Nicolas Vecoven,Damien Ernst,Guillaume Drion

Training recurrent neural networks is known to be difficult when time dependencies become long. Consequently, training standard gated cells such as gated recurrent units and long-short term memory on benchmarks where long-term memory is required remains an arduous task. In this work, we propose a general way to initialize any recurrent network connectivity through a process called "warm-up" to improve its capability to learn arbitrarily long time dependencies. This initialization process is designed to maximize network reachable multi-stability, i.e. the number of attractors within the network that can be reached through relevant input trajectories. Warming-up is performed before training, using stochastic gradient descent on a specifically designed loss. We show that warming-up greatly improves recurrent neural network performance on long-term memory benchmarks for multiple recurrent cell types, but can sometimes impede precision. We therefore introduce a parallel recurrent network structure with partial warm-up that is shown to greatly improve learning on long time-series while maintaining high levels of precision. This approach provides a general framework for improving learning abilities of any recurrent cell type when long-term memory is required.
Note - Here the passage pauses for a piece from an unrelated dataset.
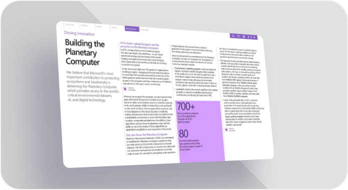 Overview Carbon Water Waste Ecosystems Appendix 61 Driving innovation AI for Earth: a global program and the of large datasets, then present those results in We have on-boarded four years of Landsat 8 data to Building the precursor to the Planetary Computer applications that support environmental monitoring, Azure, the first step in making available a complete In 2017, we launched our AI for Earth program. forecasting, planning, and attribution. Landsat archive that will enable scientists to ask Our aim was simple, but ambitious—to put cloud Since we announced our commitment to the Planetary questions about long-term ecosystem change. Planetary and AI technology into the hands of the world’s Computer, we have on-boarded over 10 petabytes of • The National Oceanic and Atmospheric Administration leading ecologists and conservation technologists, environmental science data from dozens of sources. (NOAA), which provides invaluable information about and organizations around the world that are working Some key examples include: weather and climate from a network of monitoring Computer to protect our planet. • The Sentinel-2 satellite program, which provides the stations that includes both satellites and ground-based So far, we’ve provided over 700 grants to organizations highest-resolution satellite imagery that’s available radar stations. We have on-boarded several key NOAA working on game-changing environmental innovations to the public at no cost. We have brought four years datasets to allow scientists to build a picture of We believe that Microsoft’s most in more than 100 countries around the world. Our AI for of Sentinel-2 data to Azure and processed it to an weather and climate, including weather forecast data important contribution to protecting Earth grantees authored more than 80 research papers analysis-ready format, allowing environmental from NOAA’s GFS4 system, historical estimates of as part of the program and have released over 50 GitHub scientists to ask questions about the state of land use, global precipitation from NOAA’s Global Hydro ecosystems and biodiversity is repositories to the open-source community. forests, glaciers, and other critical landscape features. Estimator program, historical surface weather delivering the Planetary Computer, conditions from NOAA’s Integrated Surface Data Find out • Landsat 8, which is the newest satellite in the Landsat program, satellite-based weather imagery from which provides access to the world’s more here program, a network of satellites that has been NOAA’s GOES-R weather satellites, and radar data critical environmental datasets, However, as we grew the program, we also learned what continuously monitoring the Earth since 1972. from NOAA’s NEXRAD program. AI, and digital technology. gaps still existed. Researchers needed much greater • Large-scale geospatial data, which is critical for access to data, more intuitive access to machine learning environmental science, but training the next tools, and a greater ability to share their work and build generation of AI-based biodiversity monitoring on the work of others. We recognized the need not only 700+ solutions requires lots of annotated wildlife monitoring to host datasets on the cloud, but also to build the data. In partnership with conservation biologists scaling infrastructure that would make it possible for the We’ve worked to empower around the world, we’ve assembled on Azure the sustainability community to work with that data: data over 700 organizations largest publicly available collection of AI-ready curation, computational platforms, the ability to train through our AI for training data for wildlife conservation including algorithms and run them at planetary scale, and the Earth program. data from motion-triggered camera traps, drones, ability to serve the results of those algorithms as satellites, and aircraft. applications available to users anywhere in the world. Find out more here Our new focus: the Planetary Computer 80 Based on these lessons learned, in 2020, we committed to building the Planetary Computer: a platform that Our AI for Earth grantees provides access to the world’s critical environmental have authored more than datasets. We will continuously on-board more data with 80 research papers as part of our customers and partners and build the tools that the program. make it easier for scientists to ask global-scale questions

翻译：已知,当时间依赖性变长时,培训经常性神经网络就难以进行经常性培训。因此,培训标准门式单元,如门式经常单元和长期短距记忆,在需要长期记忆的基准上,仍然是一项艰巨的任务。在这项工作中,我们提出一种一般办法,通过一个称为“暖化”的过程来启动任何经常性网络连接,以提高其学习任意长期依赖性的能力。这个初始化过程旨在尽可能扩大网络可达到的多稳定度,即通过相关输入轨迹可以达到的吸引者的数量。在培训前,使用随机梯度梯度脱落,在特定的损失上进行警告。我们表明,变暖能极大地提高多个经常性细胞类型长期记忆基准上的经常性神经网络性能,但有时会妨碍精确性。因此,我们引入了一个同时同时提供部分热度的经常性网络结构,在保持高度精确性的同时,可以大大改进长期序列上的学习。这一方法提供了一个在需要长期记忆时提高任何经常性细胞类型的学习能力的一般框架。

0

相关内容

循环神经网络

循环神经网络

循环神经网络（RNN）是一类人工神经网络，其中节点之间的连接沿时间序列形成有向图。这使其表现出时间动态行为。 RNN源自前馈神经网络，可以使用其内部状态（内存）来处理可变长度的输入序列。这使得它们适用于诸如未分段的，连接的手写识别或语音识别之类的任务。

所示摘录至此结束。